▶ **Problem to solve**: Output the entries word for word. Omit images.

▶ **Dataset content**:
——
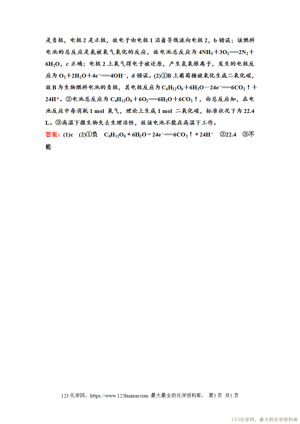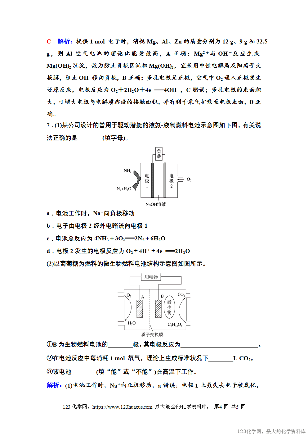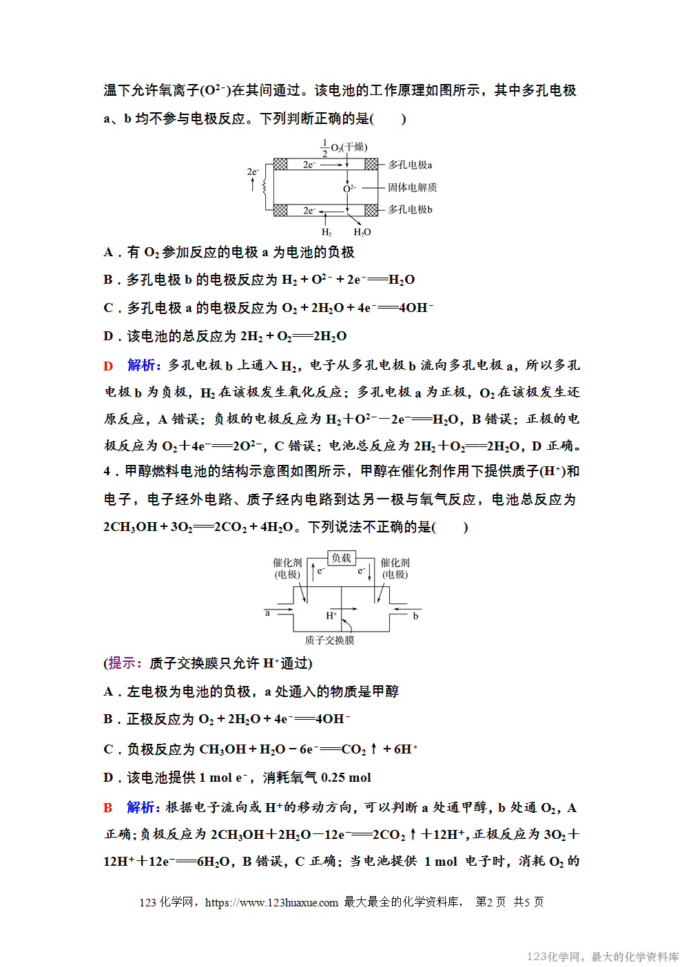D 解析:多孔电极b上通入H2,电子从多孔电极b流向多孔电极a,所以多孔电极b为负极,H2在该极发生氧化反应;多孔电极a为正极,O2在该极发生还原反应,A错误;负极的电极反应为H2+O2--2e-===H2O,B错误;正极的
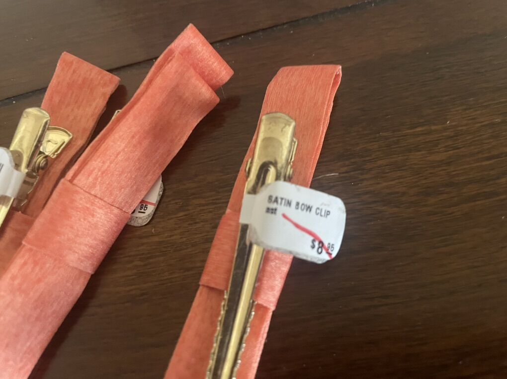 I have 3 new coral colored satin bows in large alligator hair clips. They are 4 inches long. The price tags show they were originally $8.95 each. I’m asking $2 each or take all of them for $5. See my other ads for jewelry, artwork, home decor and more.
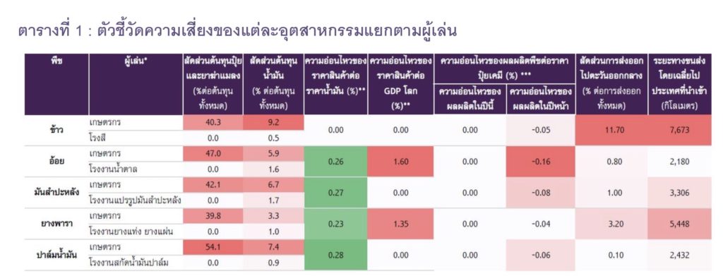 เกษตรกรทั้ง 5 พืชจะได้รับผลกระทบสุทธิเป็นลบ ในขณะที่โรงงานแปรรูปพืช 4 ชนิด ยกเว้นข้าวจะได้รับผลสุทธิเป็นบวก แต่ยังต้องเผชิญความไม่แน่นอนสูงในหลายด้าน
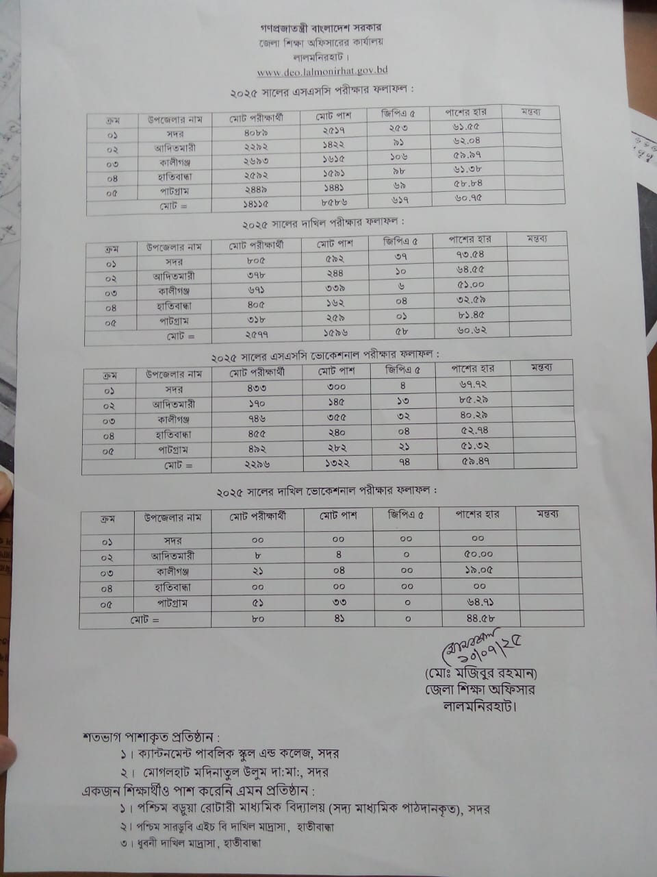 লালমনিরহাটে ২০২৫ সালের এসএসসি, দাখিল, এসএসসি (ভোকেশনাল) ও দাখিল (ভোকেশনাল) পরীক্ষা-২০২৫ এর ফলাফল প্রকাশিত হয়েছে।
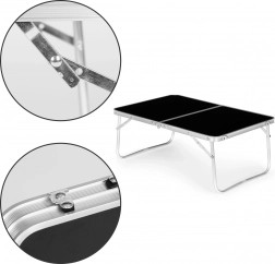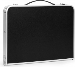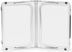 Dette kompakte bord er udstyret med beskyttelse mod utilsigtet sammenklapning og et behageligt bærehåndtag, hvilket garanterer nem håndtering. Det kan foldes til en kuffertform, hvilket letter transport og opbevaring.
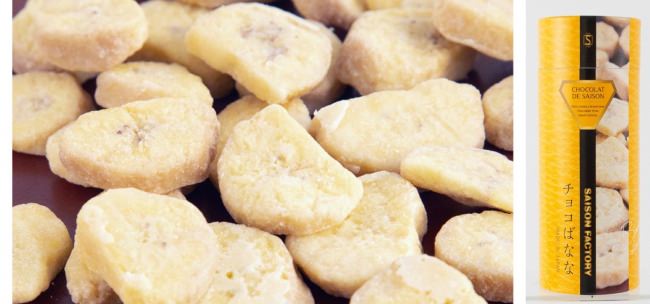 フィリピン産のバナナをフリーズドライ加工し、独自の製法でホワイトチョコレートをしみ込ませました。香り豊かなチョコレートと、バナナの食感が絶妙なバランスの新食感スイーツです。
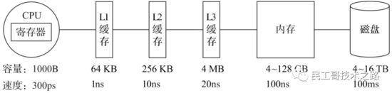 在计算机系统的体系结构中,存储系统是一种层次结构。典型服务器计算机的存储层次结构如图1所示。一个实用的经验告诉我们,存储媒介距离CPU越近,则访问数据的速度越快。
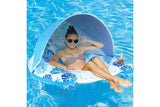 This pool float with a detachable sun shade cover is designed for ultimate relaxation in the water, offering comfortable lounging and sun protection.
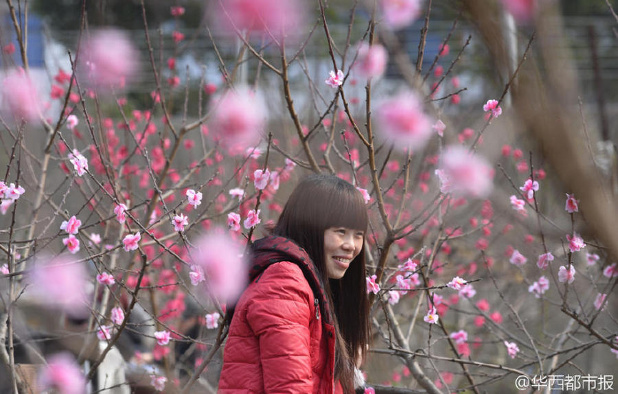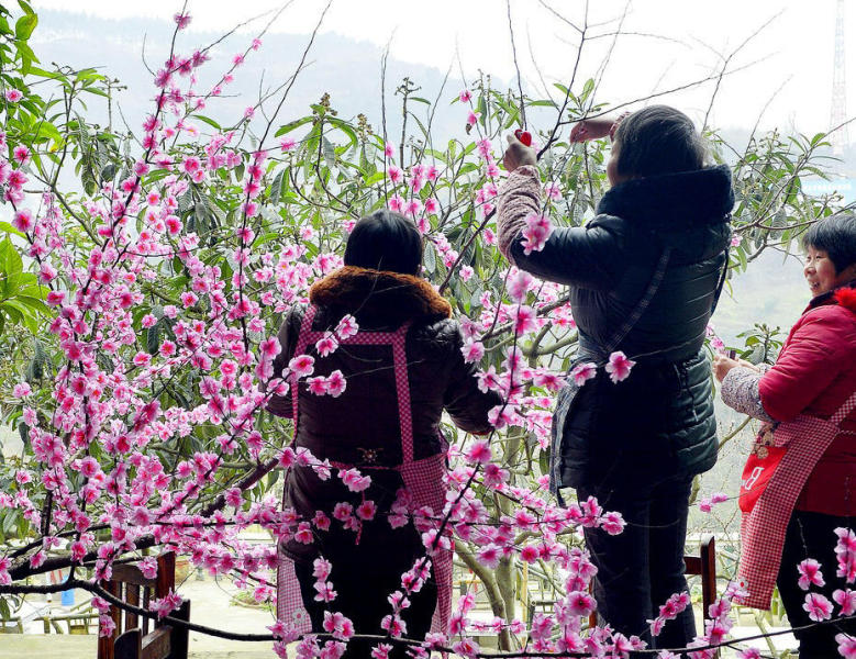 2月11日消息,成都龙泉山的农家乐因等不到桃花盛开,扎起假花,吸引游客。
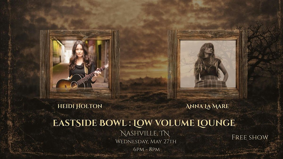 Folk Noir touring artist Anna La Mare and Nashville's own Heidi Holton share the stage for an intimate co-bill at Eastside Bowl's Low Volume Lounge — no opener, no headliner, just two songwriters bringing everything they've got.
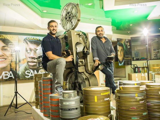 Légende : Eric Toledano et Olivier Nakache posent au siege de la societe ARANE. Clichy, FRANCE-19/09/2014
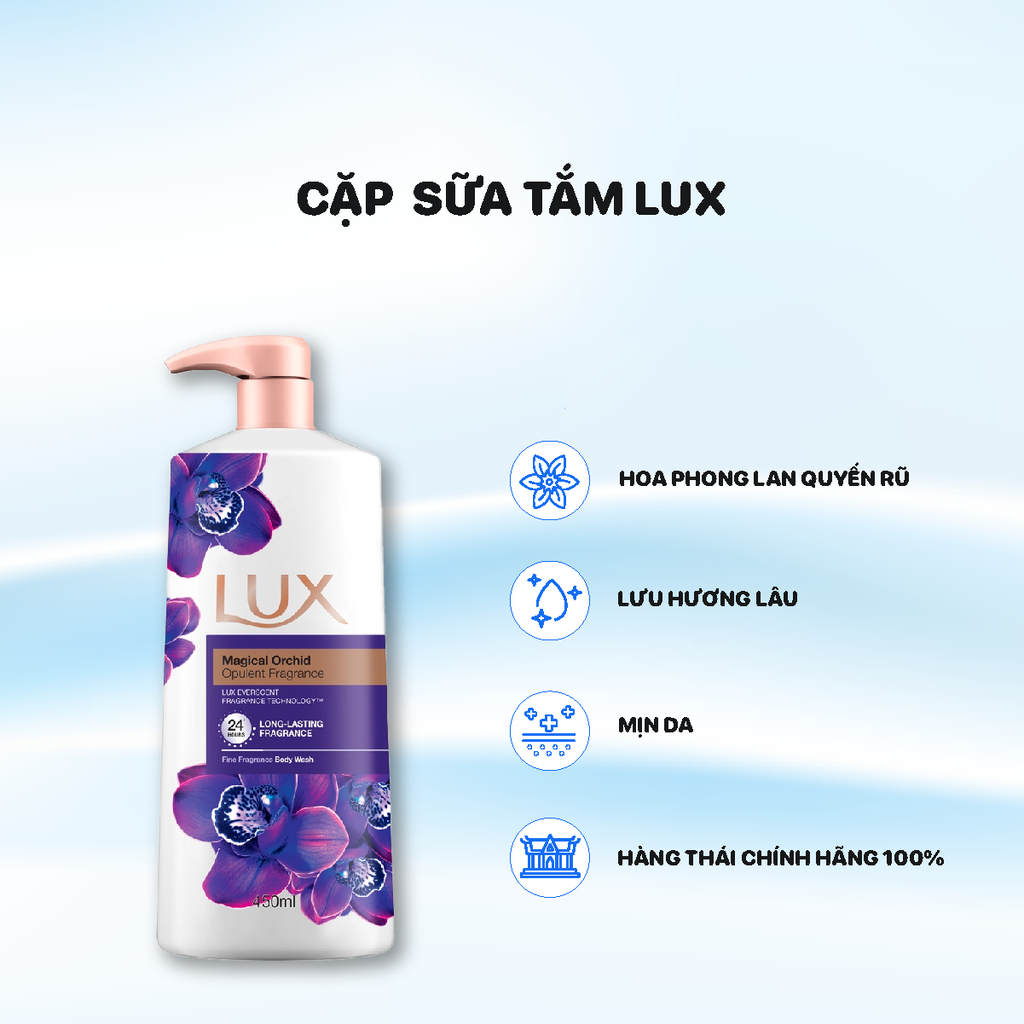 Còn Lux Magical Spell màu tím thì nổi bật với khả năng làm sạch sâu, dịu da nhanh và giữ ẩm tốt. Mùi hương nồng nàn, bám da 2-3 tiếng, giống dòng vàng nhưng vượt trội hơn hẳn.
——
▶ **Solution for this task**:
D 解析:多孔电极b上通入H2,电子从多孔电极b流向多孔电极a,所以多孔电极b为负极,H2在该极发生氧化反应;多孔电极a为正极,O2在该极发生还原反应,A错误;负极的电极反应为H2+O2--2e-===H2O,B错误;正极的
 I have 3 new coral colored satin bows in large alligator hair clips. They are 4 inches long. The price tags show they were originally $8.95 each. I’m asking $2 each or take all of them for $5. See my other ads for jewelry, artwork, home decor and more.
 เกษตรกรทั้ง 5 พืชจะได้รับผลกระทบสุทธิเป็นลบ ในขณะที่โรงงานแปรรูปพืช 4 ชนิด ยกเว้นข้าวจะได้รับผลสุทธิเป็นบวก แต่ยังต้องเผชิญความไม่แน่นอนสูงในหลายด้าน
 লালমনিরহাটে ২০২৫ সালের এসএসসি, দাখিল, এসএসসি (ভোকেশনাল) ও দাখিল (ভোকেশনাল) পরীক্ষা-২০২৫ এর ফলাফল প্রকাশিত হয়েছে।
 Dette kompakte bord er udstyret med beskyttelse mod utilsigtet sammenklapning og et behageligt bærehåndtag, hvilket garanterer nem håndtering. Det kan foldes til en kuffertform, hvilket letter transport og opbevaring.
 フィリピン産のバナナをフリーズドライ加工し、独自の製法でホワイトチョコレートをしみ込ませました。香り豊かなチョコレートと、バナナの食感が絶妙なバランスの新食感スイーツです。
 在计算机系统的体系结构中,存储系统是一种层次结构。典型服务器计算机的存储层次结构如图1所示。一个实用的经验告诉我们,存储媒介距离CPU越近,则访问数据的速度越快。
 This pool float with a detachable sun shade cover is designed for ultimate relaxation in the water, offering comfortable lounging and sun protection.
 2月11日消息,成都龙泉山的农家乐因等不到桃花盛开,扎起假花,吸引游客。
 Folk Noir touring artist Anna La Mare and Nashville's own Heidi Holton share the stage for an intimate co-bill at Eastside Bowl's Low Volume Lounge — no opener, no headliner, just two songwriters bringing everything they've got.
 Légende : Eric Toledano et Olivier Nakache posent au siege de la societe ARANE. Clichy, FRANCE-19/09/2014
 Còn Lux Magical Spell màu tím thì nổi bật với khả năng làm sạch sâu, dịu da nhanh và giữ ẩm tốt. Mùi hương nồng nàn, bám da 2-3 tiếng, giống dòng vàng nhưng vượt trội hơn hẳn.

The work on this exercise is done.